Word Break — Solution in C++, Java, Python, Go

Q: What is the optimal time complexity of Word Break?

The most efficient approach in this guide ("Dynamic Programming (Bottom-Up)") runs in O(n^2 * k) where n is the string length and k is the average word length for substring comparison time and uses O(n + m) where m is the total characters in wordDict extra space. Earlier brute-force approaches are slower; see all 2 approaches above for the full progression.

Q: What pattern does Word Break use?

Word Break is a medium-level Dynamic Programming problem involving String, Dynamic Programming, Hash Table. Recognizing the pattern is half the work — see the intuition section above for how to spot it.

Q: Can Word Break be solved without extra space?

The most space-efficient approach in this guide uses O(n + m) where m is the total characters in wordDict extra space (excluding the input). If you're aiming for in-place — see the trade-off in the algorithm section above — the brute-force approach uses O(n) for the recursion stack, while the optimized version uses O(n + m) where m is the total characters in wordDict.
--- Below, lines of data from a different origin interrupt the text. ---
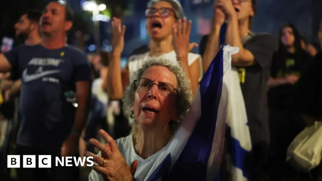 Hundreds of thousands gather in Tel Aviv as Palestinians continue to return to Gaza City after the Israeli withdrawal.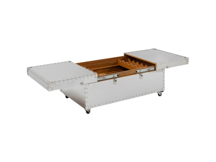 Το δικό σας μπαρ στο σπίτι προσφέρει πολλά πλεονεκτήματα, ειδικά όταν είναι κρυμμένο σε ένα αναδιπλούμενο τραπεζάκι του καφέ. Αυτό το πρακτικό μοντέλο, ένας συνδυασμός ορθογώνιου μεταλλικού τραπεζιού σαλονιού με μπαρ, όχι μόνο προσφέρει άφθονο αποθηκευτικό χώρο για διάφορα ποτά και αξεσουάρ, αλλά επιτρέπει επίσης την επαγγελματική αποθήκευση των φιαλών κρασιού σε οριζόντια θέση. Μπορείτε να εκπλήξετε τους πάντες με ένα οικιακό μπαρ αυτού του τύπου! Παρουσιάστε ποτά με στυλ και δροσίστε τους καλεσμένους σας με αφρώδη αναψυκτικά ανά πάσα στιγμή.Τραπέζι σαλονιού σε ασημί χρώμα με τροχούς και δυνατότητες αποθήκευσης, 36,5 x 120 x 75 cm (Υ/Β/Δ)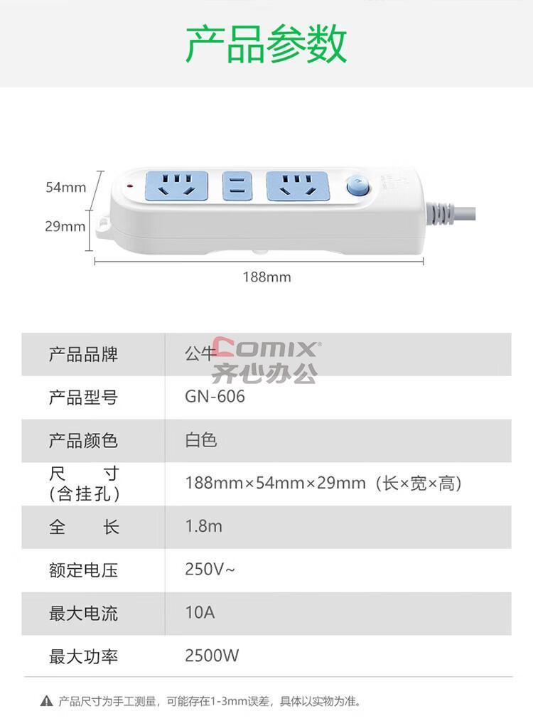 商品名称:公牛GN-606总控3位插排1.8米(个)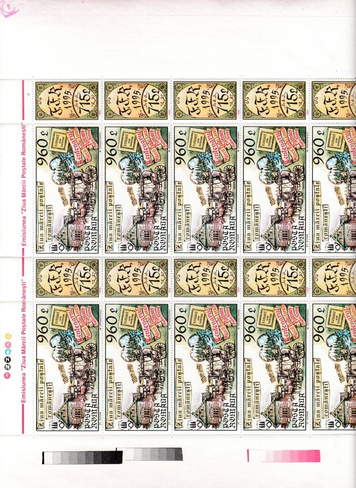 ROMANIA 1995 LP 1384 a ZIUA MARCII POSTALE ROMANESTI COALA 10 TIMBRE+10 VINIETE STARE MNH
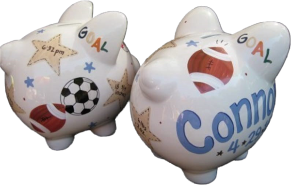 Every child needs a piggy bank! These banks make a great baby shower, birthday, or anytime gift. Piggy banks are equipped with a rubber stopper on the bottom for easy access. Comes wrapped in a cellophane bag with bow and gift card. Piggy size is approx. 8x7x6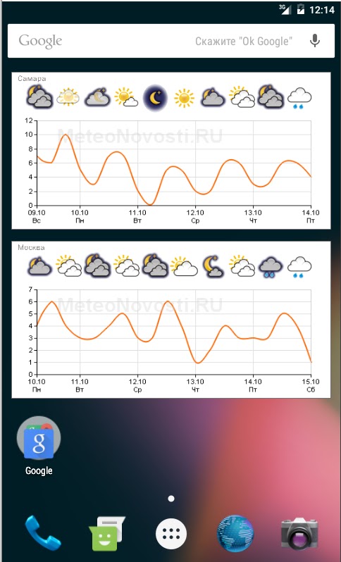 Виджет отображает прогноз погоды на 5 и 14 дней в виде графиков.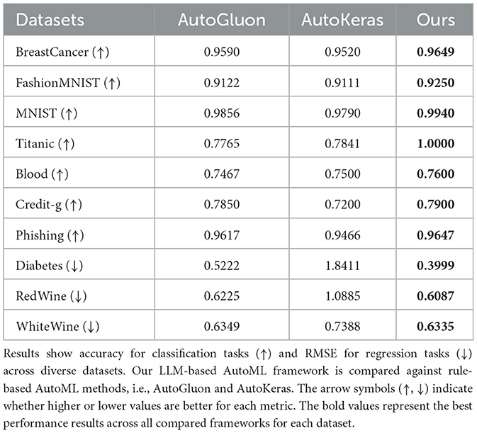 Table 2 presents the comparative performance of our LLM-based AutoML framework against two rule-based AutoML methods: AutoGluon and AutoKeras. Our framework consistently outperforms both AutoGluon and AutoKeras across all datasets, demonstrating its versatility and effectiveness. In binary classification tasks, our method achieves superior performance. For the BreastCancer dataset, we attain an accuracy of 0.9649, surpassing AutoGluon (0.9590) and AutoKeras (0.9520). Similarly, for the Blood Transfusion dataset, our framework achieves an accuracy of 0.7600, outperforming both AutoGluon (0.7467) and AutoKeras (0.7500). The Credit-g dataset shows a similar trend, with our method achieving 0.7900 accuracy compared to AutoGluon's 0.7850 and AutoKeras's 0.7200. For multi-class image classification tasks, our framework demonstrates improvements. On the FashionMNIST dataset, we achieve an accuracy of 0.9250, notably higher than AutoGluon (0.9122) and AutoKeras (0.9111). The MNIST dataset shows similar results, with our method reaching 0.9940 accuracy, compared to AutoGluon's 0.9856 and AutoKeras's 0.9790. The Titanic dataset presents a particularly striking result, with our method achieving perfect accuracy (1.0000), substantially outperforming both AutoGluon (0.7765) and AutoKeras (0.7841). This perfect classification performance, while remarkable, is explainable given the dataset's characteristics and our framework's capabilities. The Titanic dataset represents a well-structured classification problem with 891 instances containing highly informative features such as passenger class, gender, age, and fare that exhibit strong predictive relationships with survival outcomes. Our LLM-driven AutoML approach achieves this optimal performance through several mechanisms: (1) intelligent feature engineering that creates composite variables capturing interactions (such as the combination of passenger class and gender), (2) preprocessing that optimally handles missing values and categorical encodings, and informed model selection that identifies architectures particularly suited to this type of tabular classification task. The LLM's extensive knowledge of machine learning enables it to recognize and implement domain-specific optimizations that traditional rule-based AutoML methods typically miss, such as creating age-group categorical features or applying class-specific transformations. This result demonstrates our AutoML framework's ability to achieve optimal performance when sufficient predictive signal exists in the data, highlighting the advantage of knowledge-driven automation over systematic search approaches. For regression tasks, our framework also shows superior performance. In the Diabetes dataset, our method achieves an RMSE of 0.3999, lower than AutoGluon (0.5222) and AutoKeras (1.8411). The wine quality prediction tasks (RedWine and WhiteWine) also show improvements, with our method achieving lower RMSE values compared to both baseline methods.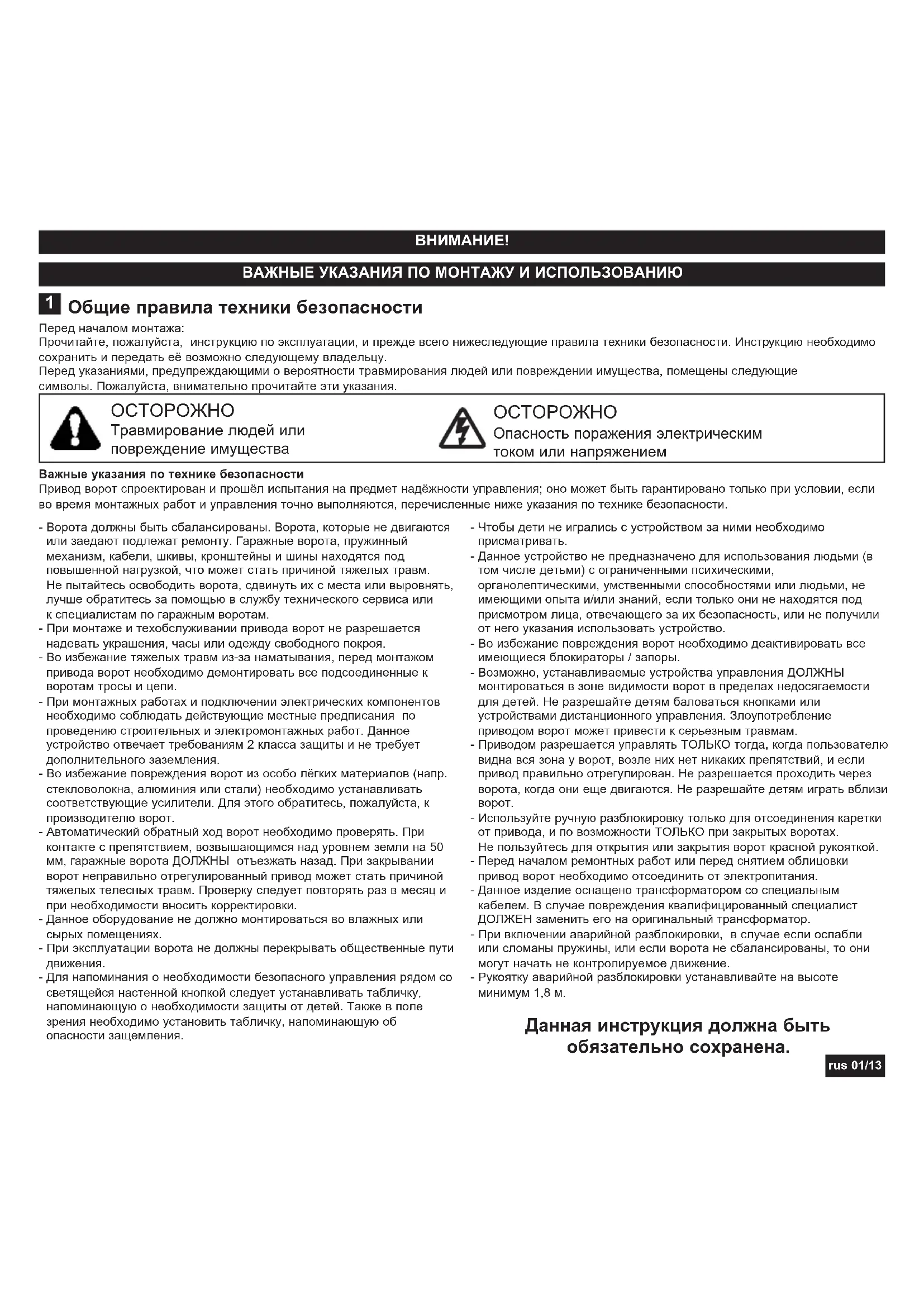 - 37 Заявление о соответствии rus 01/13 Общие правила техники безопасности Перед началом монтажа: Прочитайте, пожалуйста, инструкцию по эксплуатации, и прежде всего нижеследующие правила техники безопасности. Инструкцию необходимо сохранить и передать её возможно следующему владельцу. Перед указаниями, предупреждающими о вероятности травмирования людей или повреждении имущества, помещены следующие символы. Пожалуйста, внимательно прочитайте эти указания. Важные указания по технике безопасности Привод ворот спроектирован и прошёл испытания на предмет надёжности управления; оно может быть гарантировано только при условии, если во время монтажных работ и управления точно выполняются, перечисленные ниже указания по технике безопасности. p. 13

Q: Which programming languages does this Ratta solution support?

Every approach above ships with verified, runnable solutions in C++, Java, Python, and Go. The starter templates in the workspace match the same four languages so you can practice in your interview language of choice.

Given a string s and a list of strings wordDict, determine if s can be segmented into a space-separated sequence of one or more dictionary words. The same word in the dictionary may be reused multiple times in the segmentation.

Examples

Example 1

Input: s = "leetcode", wordDict = ["leet","code"]
Output: true
Explanation: "leetcode" can be segmented as "leet code".

Example 2

Input: s = "applepenapple", wordDict = ["apple","pen"]
Output: true
Explanation: "applepenapple" can be segmented as "apple pen apple". Words can be reused.

Example 3

Input: s = "catsandog", wordDict = ["cats","dog","sand","and","cat"]
Output: false
Explanation: No valid segmentation exists for "catsandog".

Constraints

1 <= s.length <= 300
1 <= wordDict.length <= 1000
1 <= wordDict[i].length <= 20
s and wordDict[i] consist of only lowercase English letters.
All the strings of wordDict are unique.

Approaches

2 worked solutions ranked from straightforward to optimal — each with intuition, algorithm, complexity, and verified code in C++, Java, Python, and Go.

Approach 1

Recursion (Brute Force)

Intuition

Try every possible prefix of the string. If a prefix exists in the dictionary, recursively check whether the remaining suffix can also be segmented. If we reach the end of the string, the segmentation is valid. Without memoization, this explores an exponential number of partitions due to overlapping subproblems.

Algorithm

If the string is empty, return `true`.
For each prefix of length 1 to `n`, check if it exists in the dictionary.
If the prefix is a dictionary word, recursively check the remaining suffix.
If any recursive call returns `true`, return `true`. Otherwise, return `false`.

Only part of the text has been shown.